The conformational changes between domains, facilitated by an interdomain linker,28 are more easily achieved when A3G adopts a dumbbell structure and may facilitate functions of A3G such as sliding8,19,41 and intersegmental transfer16 and eventually the search for the deamination target of the ssDNA substrate. Our data demonstrate that one of the domains is capable of transiently dissociating from the substrate, and such dynamics may facilitate the search for the deamination target. Moreover, we suggest that the CTD is the domain that transiently dissociates from the substrate to facilitate this search. Based on our data, we posit that the dumbbell structure of A3G represents an active structure of the protein. Interestingly, a decrease in the yield for dumbbell structures with a short substrate correlates with the length dependence of deaminase activity of A3G.8,42,43 Indeed, it was shown8 that specific activity of A3G increases between 15 nt and 60 nt ssDNA lengths and remains unchanged thereafter. Despite the fact that both globular and dumbbell forms of A3G provide efficient binding with the ssDNA substrate, a correlation between length-dependence of deaminase activity and the yield of dumbbells supports our hypothesis that dumbbell structures of A3G represent an active form of the protein. Given that A3G is dynamic and in the extended dumbbell conformation occupies a space as long as ∼10 nm, this property of A3G is a factor that defines the interdomain dynamics of the protein. Indeed, 10 nm corresponds to an ssDNA length of ∼30 nt, and we did observe the decrease of dumbbell conformation for the 25 nt ssDNA substrate.

Materials and methods

Hybrid ssDNA substrates

The 69 nt tail ssDNA. The hybrid 69 nt tail ssDNA was assembled as previously described.33 Briefly, the synthesized (Integrated DNA Technology; IA) 89 nt oligo was annealed at a 1[thin space (1/6-em)]:[thin space (1/6-em)]1 ratio with a phosphorylated 23 nt oligo (Integrated DNA Technology, IA) to form a 20 bp DNA duplex with sticky ends. Later, the construct was ligated at 16 °C overnight with a previously gel-purified 356 bp DNA fragment with sticky ends. The ligated product was purified from the gel using a QIAquick Gel Extraction Kit (Qiagen) as described33 and re-suspended in TE buffer containing 10 mM Tris, pH 7.5, and 1 mM EDTA. The final product consists of the 69 nt ssDNA attached to a 379 bp dsDNA fragment as a tag.
The 25 nt tail ssDNA. The hybrid 25 nt tail ssDNA was assembled according to the procedure described above for the 69 nt tail ssDNA. In this case, synthesized 58 nt oligos (Integrated DNA Technology, IA) were annealed with phosphorylated 20 nt oligos to create a 33 bp duplex with a sticky end to ligate with a 224 bp DNA fragment. The final product consists of the 25 nt tail ssDNA attached to a 260 bp dsDNA as a tag.
The 69 nt gap ssDNA. Creation of the hybrid DNA substrate, in which an ssDNA region is flanked by dsDNA arms, has been previously described in detail.44,45 First, 235 bp dsDNA and 441 bp dsDNA fragments with sticky ends were generated by PCR and purified from the gel.

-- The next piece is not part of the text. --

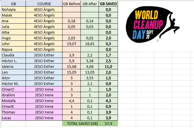 The three classes involved in the eTwinning elective are organizing this activity collaboratively. Esther’s class will be responsible for dissemination: they will compose several songs and select one to share on social media. Meanwhile, Àngels Pérez’s students will prepare and manage a calculation sheet to monitor the gigabytes (GB) deleted. Finally, my students (Irene’s class) will guide other students on how to clean up their class accounts on OneDrive, Outlook, and, optionally, their mobile phones.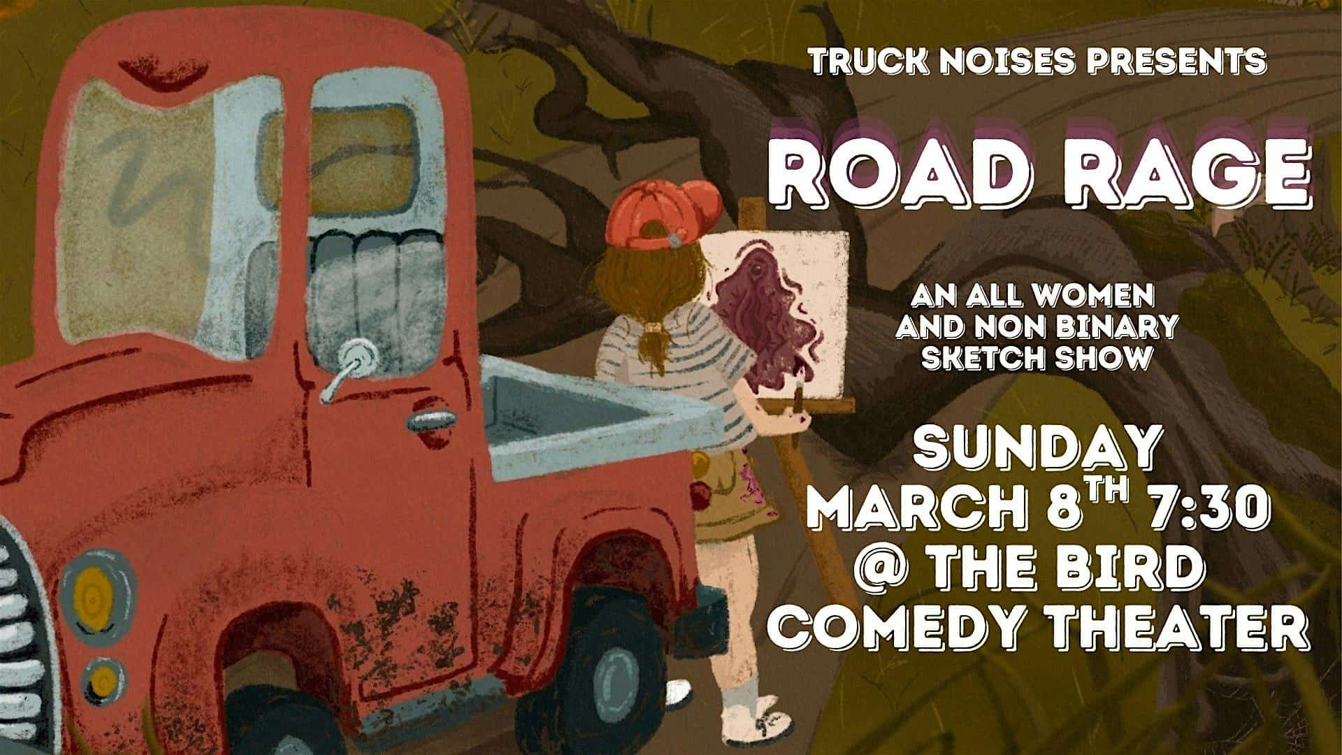by admin14Feb Truck Noises presents: ROAD RAGE at The Bird Comedy Theater – Kansas City, MO Truck Noises presents: ROAD RAGE at The Bird Comedy Theater – Kansas City, MO 3 3 people viewed this event. An All Women and Non-Binary Sketch Comedy Show Tickets-RSVP Link Date And Time Monday, March 9th, 2026 12:00 AM (PST) Venue The Bird Comedy Theater Location 103 W. 19th St, Kansas City, MO 64108 Event Types Concert or PerformancePerforming & Visual Arts Event Category Kansas CityMissouri Share With Friends Facebook Twitter Linkedin Xing Pinterest Share This Post:

Second, 235 bp hybrid 5′end tail ssDNA and 441 bp hybrid 3′ end tail ssDNA substrates were prepared as described above for preparation of hybrid tail ssDNA substrates. Third, two hybrid 3′ and 5′ end tail ssDNA substrates were mixed in a 1[thin space (1/6-em)]:[thin space (1/6-em)]1 ratio and annealed with the bridge oligo. Next, the annealed product was ligated at 16 °C overnight. To remove the bridge oligo, the product was heated to 70 °C for 5 minutes and immediately put into ice. Finally, the 69 nt gap DNA substrate was gel purified using a QIAquick Gel Extraction Kit (Qiagen), as described.33 The final product consists of 69 nt ssDNA flanked with 441 bp and 235 bp dsDNA, respectively.

Preparation of A3G in complex with ssDNA substrates

For each ssDNA substrate mentioned above, a complex with A3G was formed in a 4[thin space (1/6-em)]:[thin space (1/6-em)]1 protein-to-ssDNA ratio in binding buffer containing 50 mM HEPES, pH 7.5, 100 mM NaCl, 5 mM MgCl2, and 1 mM DTT. The complex was incubated for 15 minutes at 37 °C before deposition on a mica surface. Fig. S1 schematically shows the positions of A3G on different ssDNA substrates.

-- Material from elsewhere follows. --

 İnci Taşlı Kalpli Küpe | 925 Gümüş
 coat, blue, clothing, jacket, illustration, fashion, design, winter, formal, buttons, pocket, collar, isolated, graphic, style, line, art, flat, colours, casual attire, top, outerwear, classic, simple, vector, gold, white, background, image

Sample preparation for HS-AFM

A detailed description of the sample preparation for HS-AFM has been previously described.17 In brief, a small piece of mica, glued to a cylinder, was cleaved and treated with APS, as described.17 Two microliters of the complexes were deposited on the APS mica surface for 2 minutes, followed by washing with binding buffer. Continuous scanning was initiated immediately following the wash, without drying of the sample. The selected scanning area (200 nm × 200 nm) was continuously imaged to visualize the dynamics of the complexes at a scan rate of 398 ms per frame. The tips for imaging were grown under an electron beam using short cantilevers (BL-AC10DS-A2, Olympus; Tokyo, Japan) with a spring constant between 0.1 and 0.2 N m−1 and a resonance frequency of 400–1000 kHz.

Analysis of the HS-AFM data

After collecting frame-by-frame HS-AFM images for A3G in complex with different ssDNA substrates, a set of movies was assembled. Analysis of these movies revealed the following two structures for A3G in the complexes: dumbbell and globular. To analyze the data obtained from HS-AFM experiments, the cross-sectional feature was used in FemtoScan Online software (Advance Technologies Center; Moscow, Russia), as previously described.28,33,46 Analysis was completed for each frame from the collected movies. More than 500 frames were analyzed for each A3G structure in the A3G–ssDNA complexes.

Conclusions

In summary, the data presented here support the important role of an ssDNA substrate in the dynamics of A3G, demonstrating different distributions between globular and dumbbell structures of A3G in the complex. The results show not only a higher yield of the dumbbell structures of A3G in the A3G–ssDNA complex compared to free A3G, but also the dependence of the yield of dumbbells on the ssDNA length. Our results also identified different binding affinity of the A3G domain to the ssDNA substrate.

Conflicts of interest

There are no conflicts to declare.

Acknowledgements

This work was supported by NIH grants awarded to Dr Lyubchenko (R01-GM118006, GM096039, and R21NS101504). We thank Dr R. Harris for providing A3G protein and Dr Lyubchenko's lab members for their fruitful discussions. We thank Mohtadin Hashemi for his productive and helpful discussions regarding this work and Dr Atsushi Miyagi for the HS AFM movie of the 69 nt gap ssDNA–A3G complex. Lastly, we thank Melody A. Montgomery for the professional editing of this manuscript.

References

  1. R. S. Harris, K. N. Bishop, A. M. Sheehy, H. M. Craig, S. K. Petersen-Mahrt, I. N. Watt, M. S. Neuberger and M. H. Malim, Cell, 2003, 113, 803–809 CrossRef CAS.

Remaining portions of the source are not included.